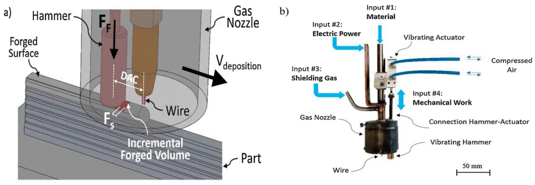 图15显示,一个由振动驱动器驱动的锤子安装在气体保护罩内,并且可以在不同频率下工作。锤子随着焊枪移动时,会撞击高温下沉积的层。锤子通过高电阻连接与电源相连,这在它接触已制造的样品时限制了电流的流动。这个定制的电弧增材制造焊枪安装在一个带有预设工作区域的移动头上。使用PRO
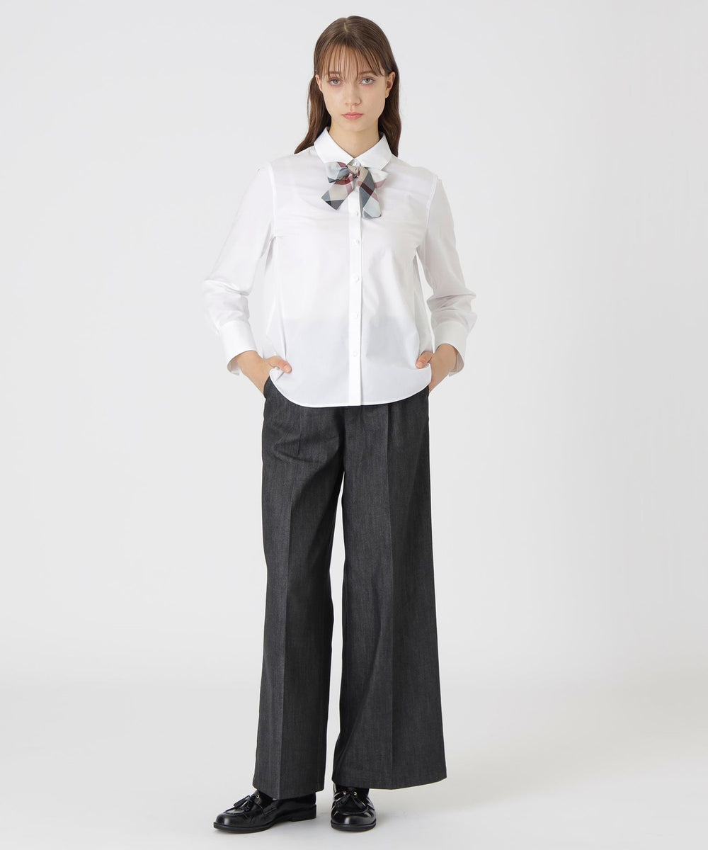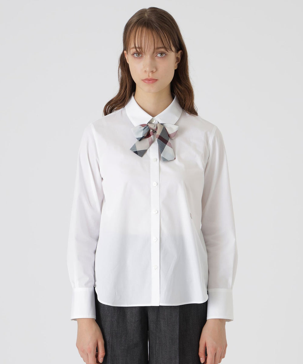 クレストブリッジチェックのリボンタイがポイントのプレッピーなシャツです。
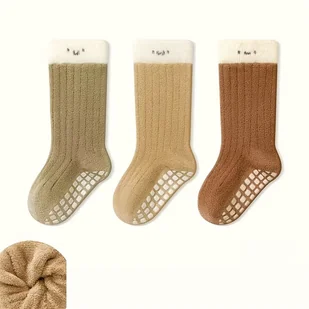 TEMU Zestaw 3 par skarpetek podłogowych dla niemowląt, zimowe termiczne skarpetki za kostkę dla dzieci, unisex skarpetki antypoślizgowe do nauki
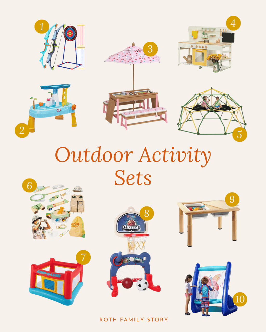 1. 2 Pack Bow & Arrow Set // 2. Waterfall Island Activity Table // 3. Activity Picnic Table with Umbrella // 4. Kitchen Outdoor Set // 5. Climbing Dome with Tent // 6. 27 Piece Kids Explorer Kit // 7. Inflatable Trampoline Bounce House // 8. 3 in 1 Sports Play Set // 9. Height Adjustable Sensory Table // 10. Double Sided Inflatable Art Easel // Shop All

+++++

▶ [Exercise aim]:
From the line with "TEMU Zestaw 3" through the final line of the data above, copy everything exactly, both ends included, but not the pictures.

▶ [Response box]:
 TEMU Zestaw 3 par skarpetek podłogowych dla niemowląt, zimowe termiczne skarpetki za kostkę dla dzieci, unisex skarpetki antypoślizgowe do nauki
 1. 2 Pack Bow & Arrow Set // 2. Waterfall Island Activity Table // 3. Activity Picnic Table with Umbrella // 4. Kitchen Outdoor Set // 5. Climbing Dome with Tent // 6. 27 Piece Kids Explorer Kit // 7. Inflatable Trampoline Bounce House // 8. 3 in 1 Sports Play Set // 9. Height Adjustable Sensory Table // 10. Double Sided Inflatable Art Easel // Shop All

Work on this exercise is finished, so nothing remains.